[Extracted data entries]

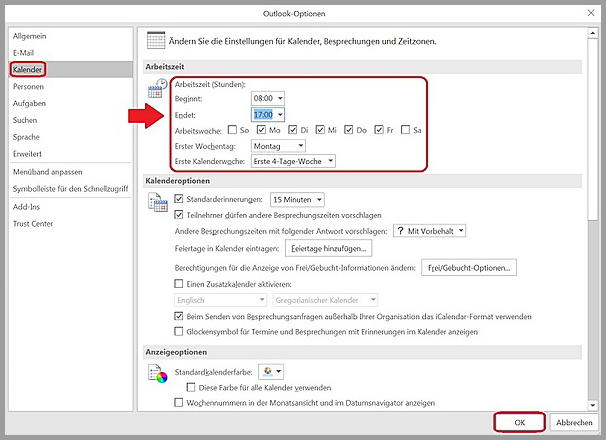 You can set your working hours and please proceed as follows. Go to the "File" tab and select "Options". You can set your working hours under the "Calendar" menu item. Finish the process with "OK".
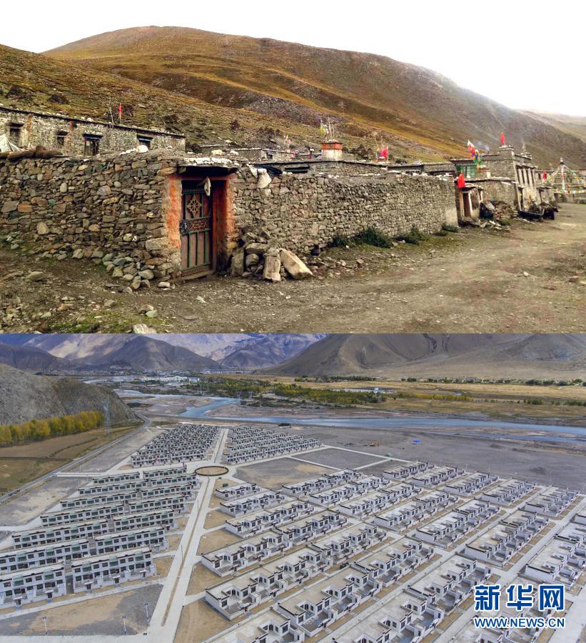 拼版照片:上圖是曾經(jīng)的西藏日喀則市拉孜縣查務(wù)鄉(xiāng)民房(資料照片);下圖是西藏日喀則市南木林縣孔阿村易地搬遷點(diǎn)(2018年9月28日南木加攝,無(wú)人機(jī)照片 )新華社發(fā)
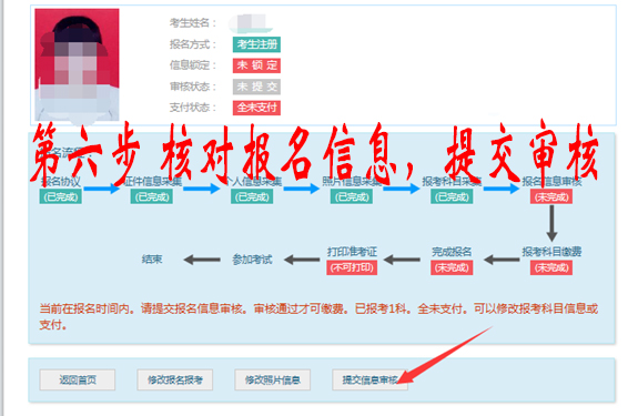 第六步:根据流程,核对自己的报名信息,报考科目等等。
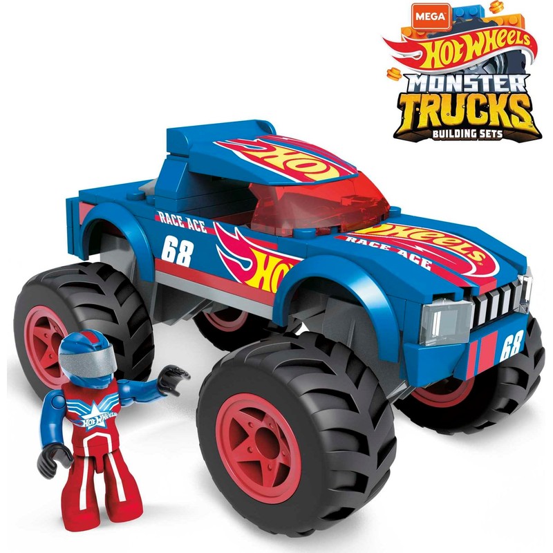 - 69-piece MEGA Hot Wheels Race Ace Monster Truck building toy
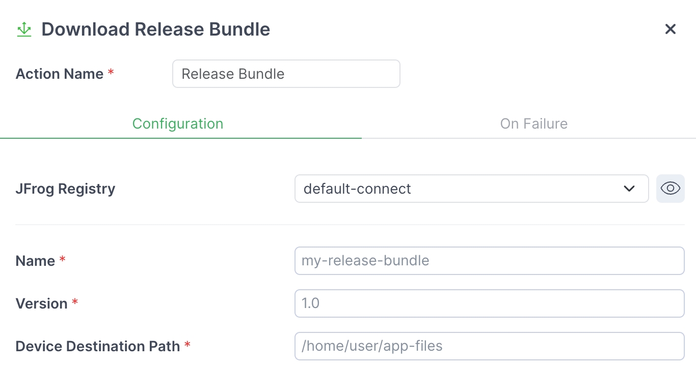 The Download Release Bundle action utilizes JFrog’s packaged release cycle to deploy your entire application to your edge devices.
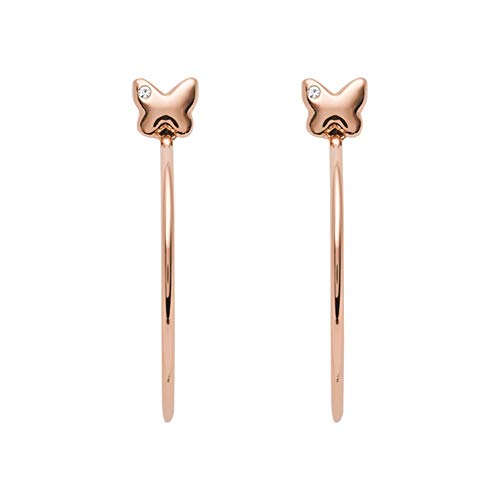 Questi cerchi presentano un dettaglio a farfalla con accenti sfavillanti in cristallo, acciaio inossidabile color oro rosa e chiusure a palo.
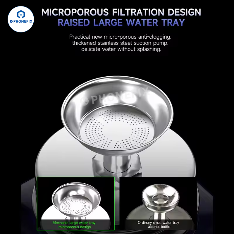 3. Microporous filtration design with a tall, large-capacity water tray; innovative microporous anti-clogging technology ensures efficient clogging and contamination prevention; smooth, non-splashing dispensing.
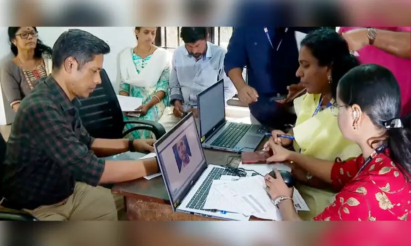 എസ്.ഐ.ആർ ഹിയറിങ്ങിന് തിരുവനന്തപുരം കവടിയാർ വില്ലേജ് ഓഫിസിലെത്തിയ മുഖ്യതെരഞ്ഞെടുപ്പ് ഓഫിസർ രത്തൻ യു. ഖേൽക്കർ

▶ **Problem statement**: All that is wanted is the lines above between the one containing "拼版照片:上圖是曾經(jīn" and the one containing "Questi cerchi presentano", inclusive, restated word for word, with pictures omitted.

▶ **Response for this exercise**:
 拼版照片:上圖是曾經(jīng)的西藏日喀則市拉孜縣查務(wù)鄉(xiāng)民房(資料照片);下圖是西藏日喀則市南木林縣孔阿村易地搬遷點(diǎn)(2018年9月28日南木加攝,無(wú)人機(jī)照片 )新華社發(fā)
 第六步:根据流程,核对自己的报名信息,报考科目等等。
 - 69-piece MEGA Hot Wheels Race Ace Monster Truck building toy
 The Download Release Bundle action utilizes JFrog’s packaged release cycle to deploy your entire application to your edge devices.
 Questi cerchi presentano un dettaglio a farfalla con accenti sfavillanti in cristallo, acciaio inossidabile color oro rosa e chiusure a palo.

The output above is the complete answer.